This time, not at all the same.  Validation and elation haven't shown up..just this sick feeling in my chest that signals uncertainty. My professional life as a nurse, my ability to build a new business that I can work around my lifestyle, the ever-playing tape in my head that says Bob should return me to Wal-Mart (they will take anything back-one time I was in there returning something legitimate  and a lady was in front of me returning half of a loaf of bread..REALLY???)..He really has been so great to me and I know this must be as hugely disappointing to him as it is to me. ----Not to mention that I'm now digging in to research so I can make the best most informed decision when given options. I'm not worried about the pain..I guess it's the idea of having a shunt placed..giving up more of myself, what if Dr. K just wants to wait and watch..what if he wants to proceed immediately, what do I do? what do I not do? -- just the whole ball of wax. 

Thank you so much for your kind emails and posts. If I haven't gotten back with you personally yet-Don't worry, I will..If I haven't returned your calls and/or texts..please call or text again.
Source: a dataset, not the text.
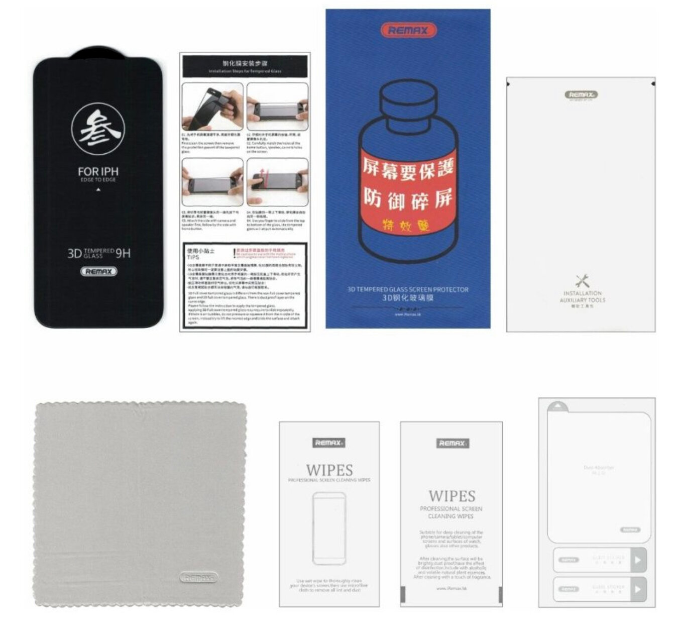 | Подробная комплектация | 1. Защитное стекло для iPhone Remax GL-27 2. Спиртовая салфетка 3. Салфетка из микрофибры 4. Стикеры для удаления пыли 5. Инструкция по наклеиванию 6. Надежная упаковка |

I can't seem to get it all done. Please don't take it personally.  I need you. You keep me writing, even when I feel I have nothing to say.
 Your prayers, your comments and your encouragement are treasured.

I will update you when I know more. 



Thursday, February 27, 2014

And Then It Came Back

"And then....it came back..."

I remember reading this words on someone else's Chiari blog, speaking of her post operative experience.
I thought, "How horrible, to go through that awful surgery, to have the elation of beginning to feel great, then the disappointment of symptoms slowly coming back--that would never happen to me-that must be REALLY RARE."
As I type this, I can hear the voice over from ABC's Wide World of Sports: "THE THRILL OF VICTORY....THE AGONY OF DEFEAT!!".   (I always wanted to research and find out how many broken bones that poor guy had in the commercial.)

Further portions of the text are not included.